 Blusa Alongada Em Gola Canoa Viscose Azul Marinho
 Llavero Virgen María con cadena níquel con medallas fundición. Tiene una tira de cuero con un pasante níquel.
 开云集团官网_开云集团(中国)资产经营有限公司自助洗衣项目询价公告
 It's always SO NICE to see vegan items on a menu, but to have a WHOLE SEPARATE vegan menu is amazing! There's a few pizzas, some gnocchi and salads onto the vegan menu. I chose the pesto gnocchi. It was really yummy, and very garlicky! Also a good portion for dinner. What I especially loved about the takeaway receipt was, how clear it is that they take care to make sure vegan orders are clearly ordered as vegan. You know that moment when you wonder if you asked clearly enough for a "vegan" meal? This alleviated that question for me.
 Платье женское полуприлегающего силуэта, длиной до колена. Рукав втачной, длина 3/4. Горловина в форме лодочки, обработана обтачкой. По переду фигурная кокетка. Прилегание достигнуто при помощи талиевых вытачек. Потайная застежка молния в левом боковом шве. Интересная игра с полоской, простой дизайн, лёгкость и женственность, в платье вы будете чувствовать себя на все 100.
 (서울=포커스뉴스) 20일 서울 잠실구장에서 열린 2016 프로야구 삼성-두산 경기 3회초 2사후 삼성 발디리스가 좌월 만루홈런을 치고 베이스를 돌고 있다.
==
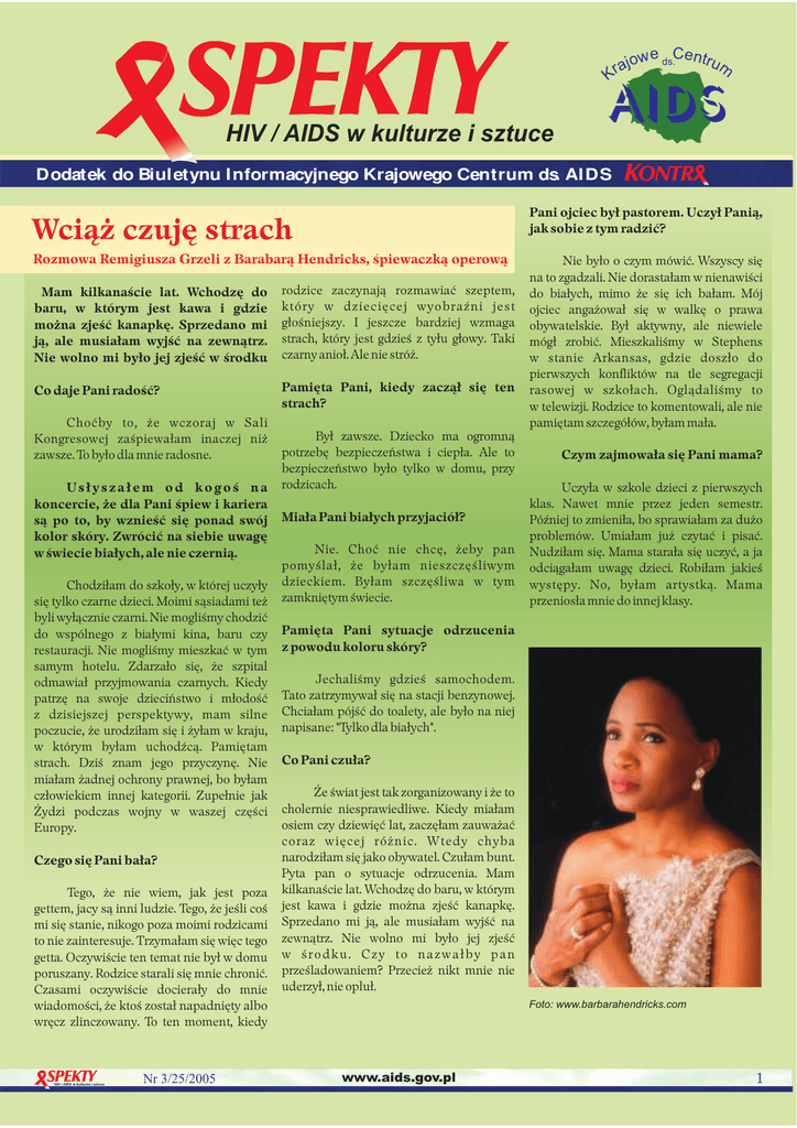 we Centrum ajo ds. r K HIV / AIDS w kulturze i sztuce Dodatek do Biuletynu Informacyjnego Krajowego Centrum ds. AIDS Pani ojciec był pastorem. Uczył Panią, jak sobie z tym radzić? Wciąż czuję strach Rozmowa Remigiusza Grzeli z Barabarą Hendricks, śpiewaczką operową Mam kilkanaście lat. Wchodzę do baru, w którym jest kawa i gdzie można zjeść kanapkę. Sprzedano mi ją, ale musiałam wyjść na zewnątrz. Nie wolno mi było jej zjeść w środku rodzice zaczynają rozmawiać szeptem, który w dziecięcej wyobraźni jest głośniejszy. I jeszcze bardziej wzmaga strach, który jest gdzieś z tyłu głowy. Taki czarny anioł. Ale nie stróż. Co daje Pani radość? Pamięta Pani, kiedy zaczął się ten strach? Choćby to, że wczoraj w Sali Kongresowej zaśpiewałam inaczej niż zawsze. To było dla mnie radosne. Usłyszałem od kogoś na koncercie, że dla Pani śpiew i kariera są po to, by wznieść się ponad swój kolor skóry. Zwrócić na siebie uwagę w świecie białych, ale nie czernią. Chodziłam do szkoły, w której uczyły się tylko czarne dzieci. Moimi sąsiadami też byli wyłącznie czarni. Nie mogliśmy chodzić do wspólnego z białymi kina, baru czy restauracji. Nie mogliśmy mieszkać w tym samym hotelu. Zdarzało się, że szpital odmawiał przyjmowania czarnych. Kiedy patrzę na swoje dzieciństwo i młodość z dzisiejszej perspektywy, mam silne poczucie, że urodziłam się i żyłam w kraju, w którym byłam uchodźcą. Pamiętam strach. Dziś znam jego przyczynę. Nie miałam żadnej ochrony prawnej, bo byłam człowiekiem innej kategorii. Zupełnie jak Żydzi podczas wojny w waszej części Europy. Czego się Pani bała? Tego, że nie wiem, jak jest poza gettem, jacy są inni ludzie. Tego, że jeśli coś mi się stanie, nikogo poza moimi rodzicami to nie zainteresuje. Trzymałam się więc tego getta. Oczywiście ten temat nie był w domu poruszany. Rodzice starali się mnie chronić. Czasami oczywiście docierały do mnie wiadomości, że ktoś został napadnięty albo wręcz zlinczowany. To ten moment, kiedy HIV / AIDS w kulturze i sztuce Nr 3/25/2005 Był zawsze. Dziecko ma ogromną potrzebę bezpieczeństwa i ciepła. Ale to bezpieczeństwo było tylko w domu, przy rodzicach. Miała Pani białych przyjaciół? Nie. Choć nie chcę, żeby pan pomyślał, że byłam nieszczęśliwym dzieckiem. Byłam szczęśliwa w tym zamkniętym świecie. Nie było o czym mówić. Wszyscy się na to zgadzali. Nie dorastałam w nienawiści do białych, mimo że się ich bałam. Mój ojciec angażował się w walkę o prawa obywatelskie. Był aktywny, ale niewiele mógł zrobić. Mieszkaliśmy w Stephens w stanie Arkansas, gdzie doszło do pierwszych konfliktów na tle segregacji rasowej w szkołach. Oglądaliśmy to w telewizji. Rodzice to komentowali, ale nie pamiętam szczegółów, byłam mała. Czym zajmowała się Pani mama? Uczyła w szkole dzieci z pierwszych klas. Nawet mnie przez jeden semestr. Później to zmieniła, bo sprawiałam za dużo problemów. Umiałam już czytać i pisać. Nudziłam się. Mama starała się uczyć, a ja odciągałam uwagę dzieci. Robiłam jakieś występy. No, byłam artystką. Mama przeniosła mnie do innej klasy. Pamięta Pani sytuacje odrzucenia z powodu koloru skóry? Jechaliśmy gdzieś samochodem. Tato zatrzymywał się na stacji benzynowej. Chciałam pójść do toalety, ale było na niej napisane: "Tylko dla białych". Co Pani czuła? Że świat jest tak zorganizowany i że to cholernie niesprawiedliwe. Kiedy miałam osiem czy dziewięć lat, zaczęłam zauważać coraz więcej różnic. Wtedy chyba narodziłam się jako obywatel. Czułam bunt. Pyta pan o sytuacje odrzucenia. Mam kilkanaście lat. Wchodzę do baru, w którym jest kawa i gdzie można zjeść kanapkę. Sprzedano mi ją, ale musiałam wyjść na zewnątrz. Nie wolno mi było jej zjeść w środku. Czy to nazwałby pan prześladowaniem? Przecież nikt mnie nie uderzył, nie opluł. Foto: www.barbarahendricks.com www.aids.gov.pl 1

**WORK REQUEST**: From the records above, give again exactly the lines running from the line with "Blusa Alongada Em" to the line with "(서울=포커스뉴스) 20일 서울", inclusive.

**RESPONSE AREA**:
 Blusa Alongada Em Gola Canoa Viscose Azul Marinho
 Llavero Virgen María con cadena níquel con medallas fundición. Tiene una tira de cuero con un pasante níquel.
 开云集团官网_开云集团(中国)资产经营有限公司自助洗衣项目询价公告
 It's always SO NICE to see vegan items on a menu, but to have a WHOLE SEPARATE vegan menu is amazing! There's a few pizzas, some gnocchi and salads onto the vegan menu. I chose the pesto gnocchi. It was really yummy, and very garlicky! Also a good portion for dinner. What I especially loved about the takeaway receipt was, how clear it is that they take care to make sure vegan orders are clearly ordered as vegan. You know that moment when you wonder if you asked clearly enough for a "vegan" meal? This alleviated that question for me.
 Платье женское полуприлегающего силуэта, длиной до колена. Рукав втачной, длина 3/4. Горловина в форме лодочки, обработана обтачкой. По переду фигурная кокетка. Прилегание достигнуто при помощи талиевых вытачек. Потайная застежка молния в левом боковом шве. Интересная игра с полоской, простой дизайн, лёгкость и женственность, в платье вы будете чувствовать себя на все 100.
 (서울=포커스뉴스) 20일 서울 잠실구장에서 열린 2016 프로야구 삼성-두산 경기 3회초 2사후 삼성 발디리스가 좌월 만루홈런을 치고 베이스를 돌고 있다.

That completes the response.